§ Problem requirements: From the first line of the records below, transcribe each line exactly up to and including the one with "Fantini Nostromo Смеситель"; pictures stay out.

§ Supplied data:
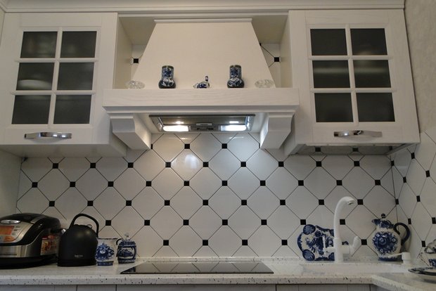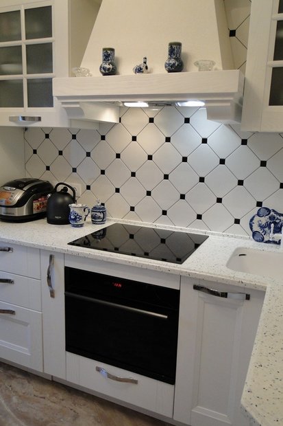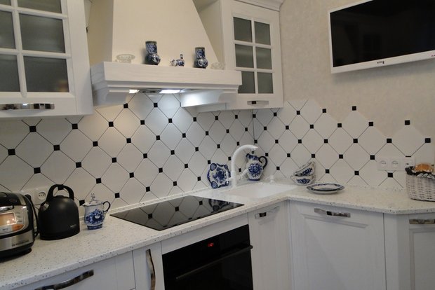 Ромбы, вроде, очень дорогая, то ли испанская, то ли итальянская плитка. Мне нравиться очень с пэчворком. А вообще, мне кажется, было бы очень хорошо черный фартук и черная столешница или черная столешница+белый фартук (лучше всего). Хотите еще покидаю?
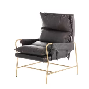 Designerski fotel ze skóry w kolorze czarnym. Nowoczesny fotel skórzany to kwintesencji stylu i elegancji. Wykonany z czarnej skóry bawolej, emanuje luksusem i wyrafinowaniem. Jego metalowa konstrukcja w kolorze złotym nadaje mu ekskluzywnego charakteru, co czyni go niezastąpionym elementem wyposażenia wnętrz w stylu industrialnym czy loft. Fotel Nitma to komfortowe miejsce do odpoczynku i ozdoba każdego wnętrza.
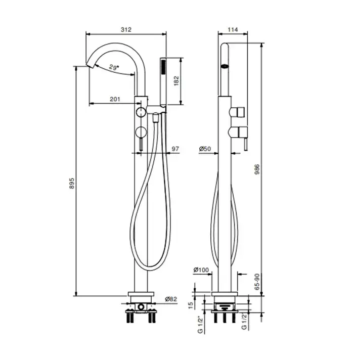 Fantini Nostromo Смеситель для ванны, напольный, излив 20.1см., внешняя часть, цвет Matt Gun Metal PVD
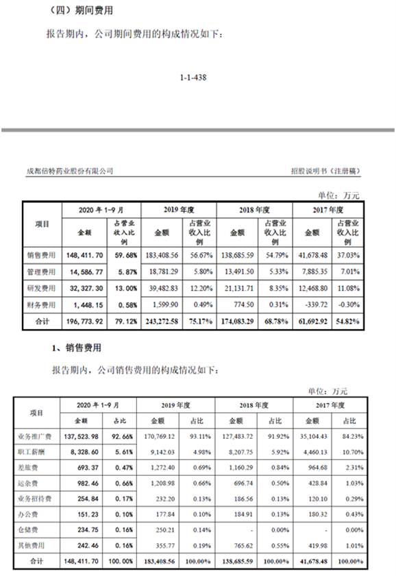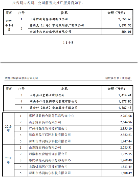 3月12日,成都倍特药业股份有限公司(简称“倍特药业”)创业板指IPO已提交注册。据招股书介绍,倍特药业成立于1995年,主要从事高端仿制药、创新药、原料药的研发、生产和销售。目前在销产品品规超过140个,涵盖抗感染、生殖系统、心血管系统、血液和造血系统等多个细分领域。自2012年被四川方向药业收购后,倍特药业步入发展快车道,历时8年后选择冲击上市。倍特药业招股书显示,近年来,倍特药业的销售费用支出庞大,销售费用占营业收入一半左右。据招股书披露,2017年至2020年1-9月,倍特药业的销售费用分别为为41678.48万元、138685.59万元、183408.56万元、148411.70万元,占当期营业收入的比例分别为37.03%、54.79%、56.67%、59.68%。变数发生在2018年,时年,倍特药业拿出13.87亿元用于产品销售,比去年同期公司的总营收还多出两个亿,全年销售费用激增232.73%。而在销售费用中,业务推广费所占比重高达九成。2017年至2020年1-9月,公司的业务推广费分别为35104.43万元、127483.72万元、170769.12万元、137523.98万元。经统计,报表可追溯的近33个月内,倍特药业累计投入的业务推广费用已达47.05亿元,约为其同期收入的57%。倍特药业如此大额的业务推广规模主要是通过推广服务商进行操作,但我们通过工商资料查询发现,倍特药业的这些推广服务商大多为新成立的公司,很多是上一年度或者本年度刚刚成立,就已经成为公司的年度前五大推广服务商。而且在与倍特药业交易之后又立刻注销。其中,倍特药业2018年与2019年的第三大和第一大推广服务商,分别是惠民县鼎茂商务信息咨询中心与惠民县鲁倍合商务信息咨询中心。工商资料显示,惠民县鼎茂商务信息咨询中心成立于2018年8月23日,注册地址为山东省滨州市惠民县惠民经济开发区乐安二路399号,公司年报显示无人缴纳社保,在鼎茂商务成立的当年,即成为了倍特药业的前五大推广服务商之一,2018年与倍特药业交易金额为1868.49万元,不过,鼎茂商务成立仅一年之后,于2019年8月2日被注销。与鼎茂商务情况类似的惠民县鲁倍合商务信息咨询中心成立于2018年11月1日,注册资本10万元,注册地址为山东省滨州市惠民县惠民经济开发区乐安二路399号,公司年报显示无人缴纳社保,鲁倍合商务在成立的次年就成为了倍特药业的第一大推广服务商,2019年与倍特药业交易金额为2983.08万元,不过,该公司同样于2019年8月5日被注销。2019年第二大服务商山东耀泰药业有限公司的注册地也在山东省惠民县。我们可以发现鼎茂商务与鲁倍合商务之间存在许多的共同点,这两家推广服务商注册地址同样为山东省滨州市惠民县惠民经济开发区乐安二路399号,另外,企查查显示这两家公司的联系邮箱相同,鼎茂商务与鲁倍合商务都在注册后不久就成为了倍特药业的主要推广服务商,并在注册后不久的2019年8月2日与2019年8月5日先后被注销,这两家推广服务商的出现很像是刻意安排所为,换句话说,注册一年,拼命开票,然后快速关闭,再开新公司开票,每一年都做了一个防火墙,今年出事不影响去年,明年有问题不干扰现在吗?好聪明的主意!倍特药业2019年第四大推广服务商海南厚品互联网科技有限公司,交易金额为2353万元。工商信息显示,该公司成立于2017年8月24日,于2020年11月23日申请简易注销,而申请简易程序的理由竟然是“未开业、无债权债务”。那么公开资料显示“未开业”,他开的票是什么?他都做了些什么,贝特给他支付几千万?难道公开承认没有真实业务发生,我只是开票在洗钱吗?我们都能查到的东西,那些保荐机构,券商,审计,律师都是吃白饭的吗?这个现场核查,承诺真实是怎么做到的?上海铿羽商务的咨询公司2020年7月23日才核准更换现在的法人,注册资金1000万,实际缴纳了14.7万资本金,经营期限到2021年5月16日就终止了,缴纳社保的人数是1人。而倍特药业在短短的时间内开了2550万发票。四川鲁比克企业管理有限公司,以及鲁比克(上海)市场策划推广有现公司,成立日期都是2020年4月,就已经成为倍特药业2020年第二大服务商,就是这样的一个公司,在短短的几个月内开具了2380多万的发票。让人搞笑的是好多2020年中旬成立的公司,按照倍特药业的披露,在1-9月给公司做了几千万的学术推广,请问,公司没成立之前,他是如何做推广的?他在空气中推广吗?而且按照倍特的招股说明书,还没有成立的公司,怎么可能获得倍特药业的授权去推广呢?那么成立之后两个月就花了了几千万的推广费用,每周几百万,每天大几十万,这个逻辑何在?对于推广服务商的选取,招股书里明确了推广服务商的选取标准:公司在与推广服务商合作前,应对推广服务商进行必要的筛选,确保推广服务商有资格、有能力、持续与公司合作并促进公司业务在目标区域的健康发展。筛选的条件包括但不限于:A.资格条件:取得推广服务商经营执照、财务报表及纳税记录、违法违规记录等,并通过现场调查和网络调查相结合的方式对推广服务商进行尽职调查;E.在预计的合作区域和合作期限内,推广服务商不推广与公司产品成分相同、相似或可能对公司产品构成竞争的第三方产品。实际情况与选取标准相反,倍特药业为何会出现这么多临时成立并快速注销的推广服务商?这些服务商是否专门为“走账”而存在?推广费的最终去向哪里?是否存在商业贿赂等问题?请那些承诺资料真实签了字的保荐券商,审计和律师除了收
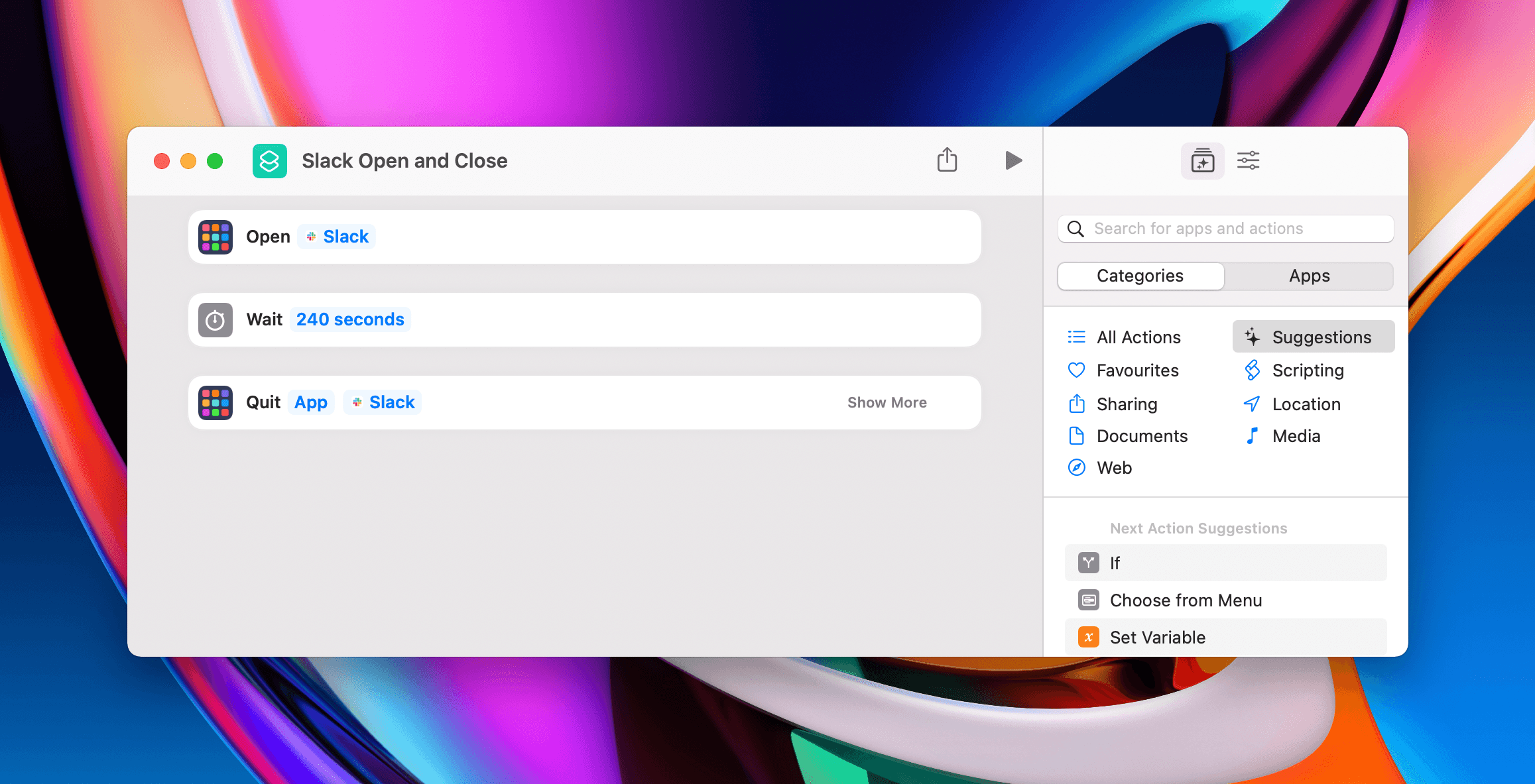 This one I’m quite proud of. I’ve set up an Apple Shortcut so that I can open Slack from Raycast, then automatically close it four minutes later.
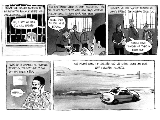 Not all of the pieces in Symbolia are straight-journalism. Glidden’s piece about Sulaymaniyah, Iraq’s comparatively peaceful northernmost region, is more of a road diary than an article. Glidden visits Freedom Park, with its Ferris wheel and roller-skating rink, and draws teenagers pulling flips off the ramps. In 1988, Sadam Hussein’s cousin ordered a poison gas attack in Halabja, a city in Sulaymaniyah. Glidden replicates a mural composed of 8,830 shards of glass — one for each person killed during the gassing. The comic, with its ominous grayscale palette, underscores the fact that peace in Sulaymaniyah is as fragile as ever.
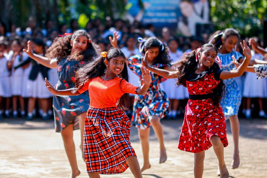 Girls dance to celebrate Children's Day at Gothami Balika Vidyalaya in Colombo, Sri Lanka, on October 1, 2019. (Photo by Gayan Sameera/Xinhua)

§ Solution:
 Ромбы, вроде, очень дорогая, то ли испанская, то ли итальянская плитка. Мне нравиться очень с пэчворком. А вообще, мне кажется, было бы очень хорошо черный фартук и черная столешница или черная столешница+белый фартук (лучше всего). Хотите еще покидаю?
 Designerski fotel ze skóry w kolorze czarnym. Nowoczesny fotel skórzany to kwintesencji stylu i elegancji. Wykonany z czarnej skóry bawolej, emanuje luksusem i wyrafinowaniem. Jego metalowa konstrukcja w kolorze złotym nadaje mu ekskluzywnego charakteru, co czyni go niezastąpionym elementem wyposażenia wnętrz w stylu industrialnym czy loft. Fotel Nitma to komfortowe miejsce do odpoczynku i ozdoba każdego wnętrza.
 Fantini Nostromo Смеситель для ванны, напольный, излив 20.1см., внешняя часть, цвет Matt Gun Metal PVD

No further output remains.